In conclusion, we have presented a method that is able to extensively retrieve historical recombination events from a set of extant human haplotypes and point out which are the sequences that contain the information on those events. We also have shown a potential application of the method in population genetics: the use of recombination as a genetic marker that can complement present methods. Finally, we believe that this method will have a whole set of applications beyond population genetics in fields such as the study the recombination dynamics and the recombinational differences between populations, or the study of the mechanisms that have given rise to our recombinant genomes.

Materials and Methods

Coalescent simulations pipeline

Simulations were performed using the coalescent simulator named COSI (Shaffner et al. 2005) with the Best-Fitting Model parameters which simulate datasets that closely resemble human data. We took a sequence length of 250,000 bp and a sample size of 50 sequences per population for all populations except the African population, for which the sample size was 60.

In the first phase of the calibration, we evaluated IRiS performance over 100 random simulations having more than 80 SNPs. The number of simulations was then increased to 1000 in order to establish more robust results. For each simulation, the evaluation process was as follows:

First, the COSI best fit model was run; the information of all recombination events created, their descendant sequences, and the age and exact position of the breakpoint was saved.

Second, the SNP ascertainment was performed; SNPs with MAF lower than 10% and non-tagSNPs were removed from the sample. TagSNPs were selected using Haploview with pairwise option (Barrett et al., 2005) and r2 >0.8.

Third, recombinations that took place between identical parental sequences in at least one side of the breakpoint were removed, since they are impossible to detect as recombinants and will be not be considered further (note that those events will not be used to compute sensitivity values).

Fourth, IRiS was run on the dataset created by COSI. Each detected recombination is defined as a set of recombinant sequences and a breakpoint interval defined by IRiS, (maximum of the distribution). Detection is considered correct if there exists a recombination event within the COSI simulation that has exactly the same descendant sequences and it occurred within the interval defined by IRiS. We allow IRiS to detect a subset of the descendants, of a particular recombination event created by COSI, if there has been a younger recombination that masks the trace of the older one in some of the descendant sequences.

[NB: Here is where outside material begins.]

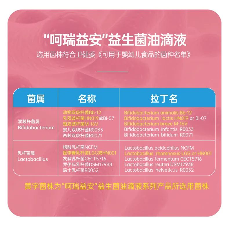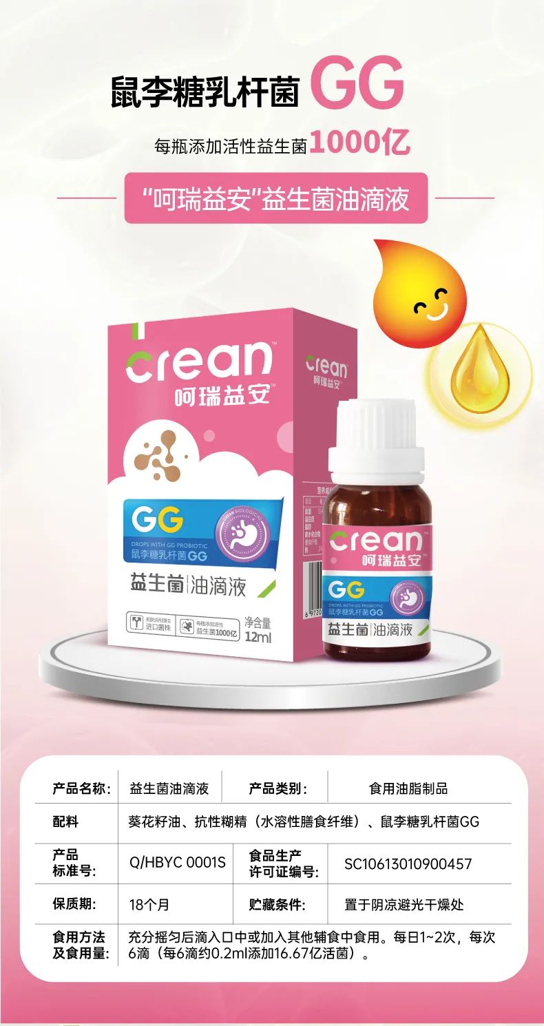 呵瑞益安鼠李糖乳桿菌GG益生菌油滴液,采用進(jìn)口菌株,且選用菌株符合衛(wèi)健委【可用于嬰幼兒食品的菌種名單】。添加進(jìn)口原料,如瑞典AAK進(jìn)口油脂及進(jìn)口水溶性膳食纖維,安全配方,自主研發(fā)生產(chǎn),每瓶添加1000億活性益生菌,專利滴管,精準(zhǔn)控量,油滴嵌入包裹工藝+全程充氮;罟に,牢牢鎖定活性。

Finally, false discovery rate, sensitivity and the 90th percentile for the distance from the inferred to the real location are computed.

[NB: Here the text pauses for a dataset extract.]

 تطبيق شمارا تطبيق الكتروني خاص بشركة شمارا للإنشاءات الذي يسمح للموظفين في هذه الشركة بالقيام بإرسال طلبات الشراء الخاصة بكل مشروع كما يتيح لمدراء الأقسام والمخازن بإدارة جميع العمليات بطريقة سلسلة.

All correlations performed on the results of the simulations were calculated by means of the SPSS software (version 15.0).

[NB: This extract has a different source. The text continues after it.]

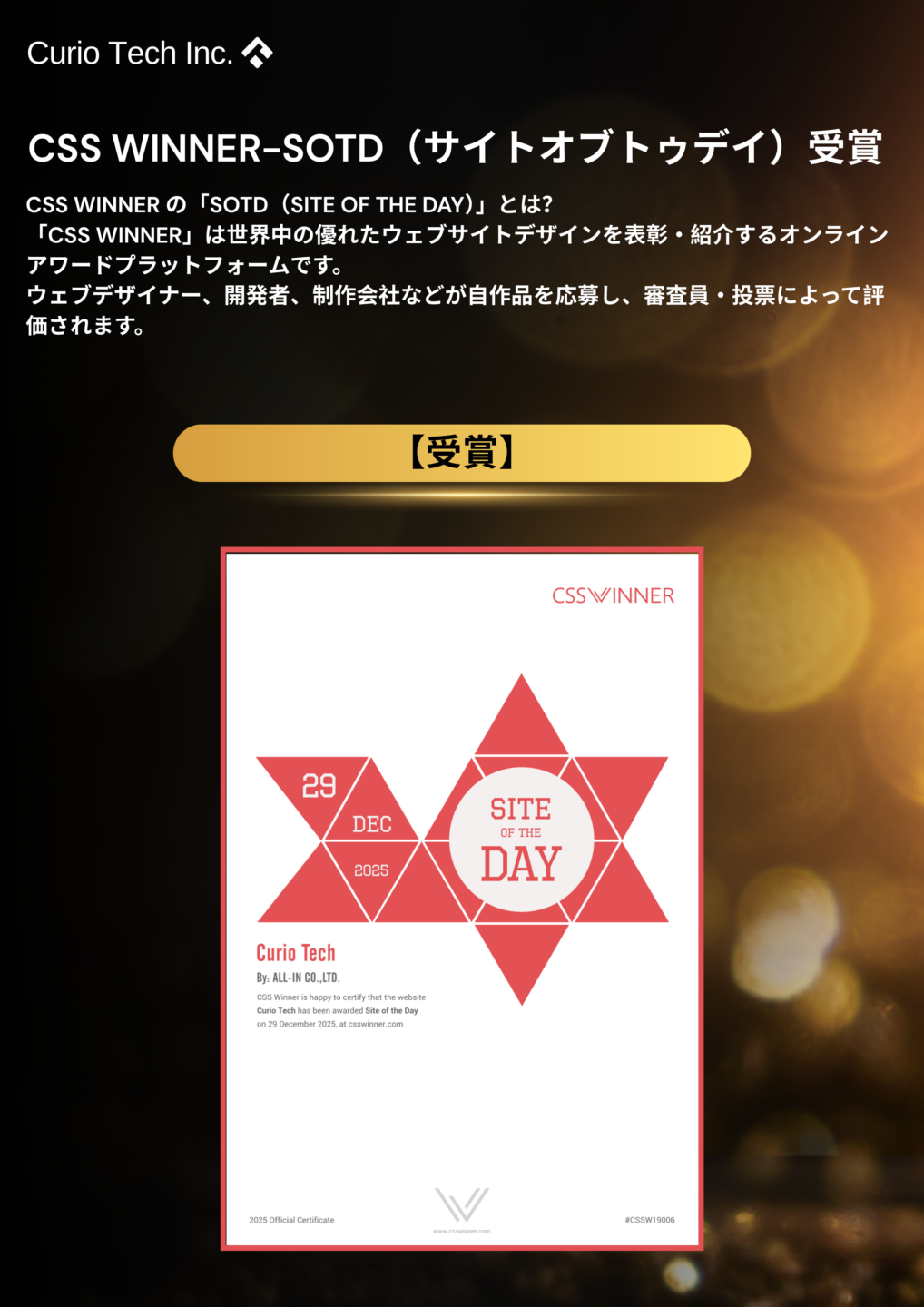 このたび、株式会社CurioTechのコーポレートサイトが、国際的なWebデザインアワードを受賞いたしました。

Correlation with inferred recombination rates by LDhat and sperm typing

The study of the correlation between IRiS results and hotspots inferred from recombination events detected through sperm typing was performed based on HapMap Phase 2 data (www.hapmap.org). We downloaded SNP genotypes of the HapMap Phase 2 release #21 for the CEU population for the SNPs present in the same region studied by Jeffreys et. al (2005) [17] in chromosome 1 and we obtained a total of 120 chromosomes and 365 SNPs.

Inference of the recombination rates was performed by means of the coalescence-based algorithm implemented in the LDhat package [10], [11] using the program rhomap [16]. The parameters used were the recommended in the user's guide such as 1,100,000 iterations for the rjMCMC procedure, 100,000 iterations for the burn-in. Before using Rhomap, a lookup table file was created from a pre-computed table taken from http://www.stats.ox.ac.uk/~mcvean/LDhat/instructions.html which assumed a theta of 0.001 per site. Recombination rates were calculated for each pair of SNPs as the median of five runs of rhomap. Sperm typing recombination rate estimates were taken directly from the figures in [17].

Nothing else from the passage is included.